Real time: There’s a constant flow of consumers providing insight, feedback, media, and other digital material in real time on the web. Monitoring all this is a given, but reacting to it in real time is increasingly important, and something too few marketing organizations are prioritizing. Small wonder; real time marketing is resource intensive, and it’s hard. Increasingly, it’s necessary and will prove a real advantage to those who do it.

Listening and analysis: If creative ideas flow from chatter on the web, it’s critical to intelligently listen to all that chatter, to monitor it, triage it, and leverage it into ads and other marketing collateral. The SMMS sector is a veritable explosion of M&A activity right now due to this trend.

Content strategy: Owned media matters. Consumers expect it, social media demands it (and all brands are social, whether they’re playing in that particular sandbox or not). The web in general, and social media in particular, demands a steady stream of content, something brands must prepare for strategically as well as tactically.

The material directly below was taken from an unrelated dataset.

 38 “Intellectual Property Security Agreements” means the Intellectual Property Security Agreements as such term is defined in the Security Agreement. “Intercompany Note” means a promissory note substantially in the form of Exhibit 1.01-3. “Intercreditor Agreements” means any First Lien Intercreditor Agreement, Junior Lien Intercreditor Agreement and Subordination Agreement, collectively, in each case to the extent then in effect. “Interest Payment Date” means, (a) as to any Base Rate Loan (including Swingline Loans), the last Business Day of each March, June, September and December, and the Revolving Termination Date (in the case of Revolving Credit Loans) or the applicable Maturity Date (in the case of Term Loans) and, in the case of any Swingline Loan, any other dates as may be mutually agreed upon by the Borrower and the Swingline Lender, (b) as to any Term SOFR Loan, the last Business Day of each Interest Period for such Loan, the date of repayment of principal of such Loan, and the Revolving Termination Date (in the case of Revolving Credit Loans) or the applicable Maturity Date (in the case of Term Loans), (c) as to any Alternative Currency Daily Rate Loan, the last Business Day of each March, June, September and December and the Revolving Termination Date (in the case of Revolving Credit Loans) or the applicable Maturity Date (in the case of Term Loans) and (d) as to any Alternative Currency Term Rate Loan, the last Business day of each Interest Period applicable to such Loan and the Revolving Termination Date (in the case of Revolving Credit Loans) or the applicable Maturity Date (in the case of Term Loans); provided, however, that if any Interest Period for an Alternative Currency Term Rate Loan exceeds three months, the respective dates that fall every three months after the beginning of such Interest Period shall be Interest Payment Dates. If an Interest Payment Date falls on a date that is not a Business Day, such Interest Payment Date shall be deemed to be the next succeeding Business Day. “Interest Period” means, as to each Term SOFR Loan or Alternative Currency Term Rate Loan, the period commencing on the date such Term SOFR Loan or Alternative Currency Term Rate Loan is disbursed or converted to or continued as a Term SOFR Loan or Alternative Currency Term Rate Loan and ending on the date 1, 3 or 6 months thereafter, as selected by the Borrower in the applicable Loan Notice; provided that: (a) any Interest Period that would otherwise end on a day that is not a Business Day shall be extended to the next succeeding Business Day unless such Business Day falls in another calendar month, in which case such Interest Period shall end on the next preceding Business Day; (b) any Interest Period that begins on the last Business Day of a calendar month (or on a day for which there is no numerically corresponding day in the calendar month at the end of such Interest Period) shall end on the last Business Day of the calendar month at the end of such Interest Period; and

Shifting agency models: It’s not as if advertising agencies haven’t seen this coming. Many are shifting staffing (as should brands) to bolster core capabilities such as creative and media with more support for content, data, and social media capabilities.  PR shops are doing this a well, of course, and so are the more forward-looking brands.

Others will certainly follow.  Because agencies creatives now only sometimes lead the creative charge, and the media plan is hardly what determines where, and how, that creative message spreads.